The question before the Supreme Court isn’t whether the news stories actually contained a libelous implication. It’s whether the case can proceed on that basis, or whether it is necessary to prove that a statement was actually false to bring a suit. It’s a so-called “case of first impression,” meaning Idaho courts have never addressed the question of whether defamation by implication can serve as the basis for a civil suit.

Without either precedent or legislation to determine the outcome of the ruling, this is as close as courts get to acting as legislative bodies. If the justices find the case can move forward, they have created a precedent that allows future defamation cases to be brought not on the basis of false statements, but on the basis of inferences.

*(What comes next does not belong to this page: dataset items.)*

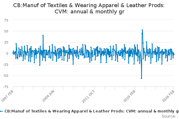 Download this time seriesCB:Manuf of Textiles & Wearing Apparel & Leather Prods: CVM: annual & monthly gr
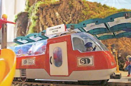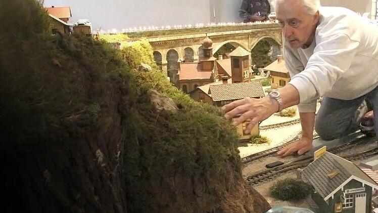 Neu in der Modellbau-Ausstellung ist ein großer, rund zwei Meter langer Viadukt, über den eine Schienenstrecke führt. Gebaut hat sie Dekorateur Walter Scholz. Im Januar, als die letzte Ausstellung abgebaut wurde, arbeitete er sechs Wochen in seinem Hobbykeller, um diese Attraktion anzufertigen. Die Arbeit am Geländer, das sein Sohn gefertigt hat, dauerte weitere sechs Stunden.
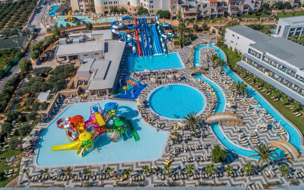 This lovely resort designed with elements of a Cretan village has won environmental awards. Overlooking a bay and a local village, families can sit and eat breakfast looking out to the ocean, then enjoy choosing from whole host of activities - from relaxing around one of the 6 swimming pools, to sports and watersports, or whizzing down the water slides ! There's even an indoor pool and fitness centre, spa, and boutique shops to look around... fun for all the family.
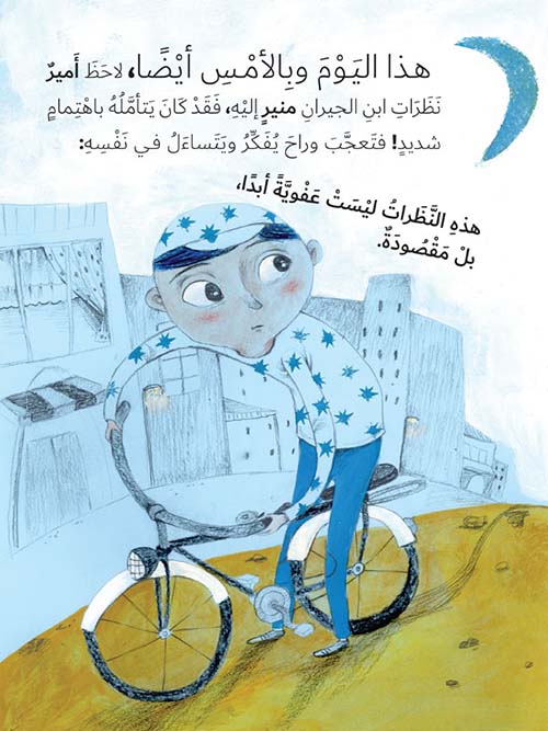 نبذة الناشر:“منير ودرّاجة أمير” يحكي قصة مشوقة عن أمير الذي يلاحظ نظرات منير لدراجته الجميلة. تسلط القصة الضوء على أهمية الاهتمام بمشاعر الآخرين ومشاركة الفرح معهم. من خلال أحداثها، يتعلم الأطفال قيمًا مثل العطاء، التعاطف، وحب التعاون. الكتاب مكتوب بلغة مبسطة ويتميز برسوم ملونة جذابة، مما يجعله مناسبًا للأطفال، ويساعدهم على ...فهم القيم الإنسانية بطريقة ممتعة ومشوقة. إقرأ المزيد
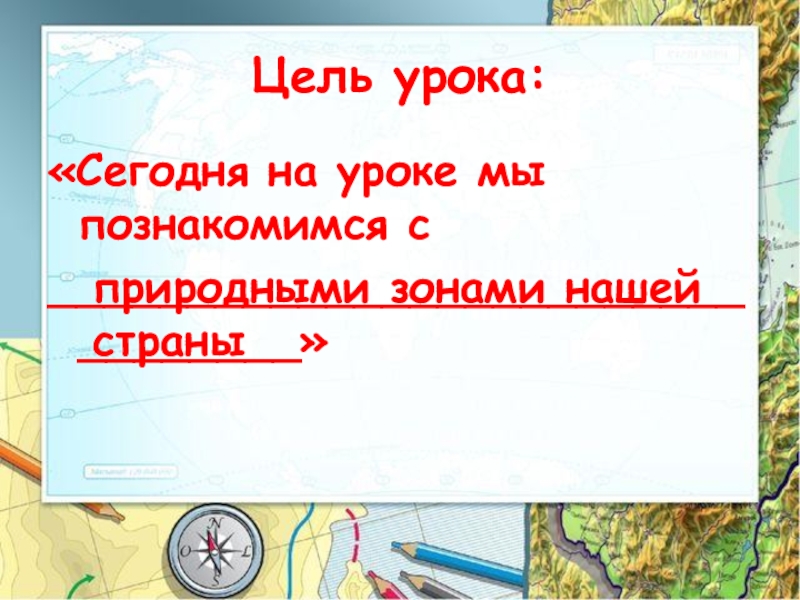 Цель урока:«Сегодня на уроке мы познакомимся с _________________________________»природными зонами нашей страны

The chilling effect that a finding for the teacher would have on free speech and debate about matters of public concern is hard to overstate. The best defense against a libel suit is simple: “Everything I said was true.” That should be enough, and it requires the party bringing the suit to identify a false statement and present evidence showing it isn’t true in order for the lawsuit to proceed.



Anonymous said...

“Everything I said was true.”

There should be no more discussion required if that statement is correct.

Anonymous said...

This suit only threatens speech if the Judge in this case is an idiot and all the courts above this court are also packed with idiots and since there is now a nice intelligent majority on the Supreme Court we know where this case will die if it ever gets that far.

Bill R. said...

I can't believe cases like this actually make it into a courtroom.

Anonymous said...

So now journalist have to worry about what the reader MIGHT infer?

Where was this worry when the MSM was reporting on everything conservative?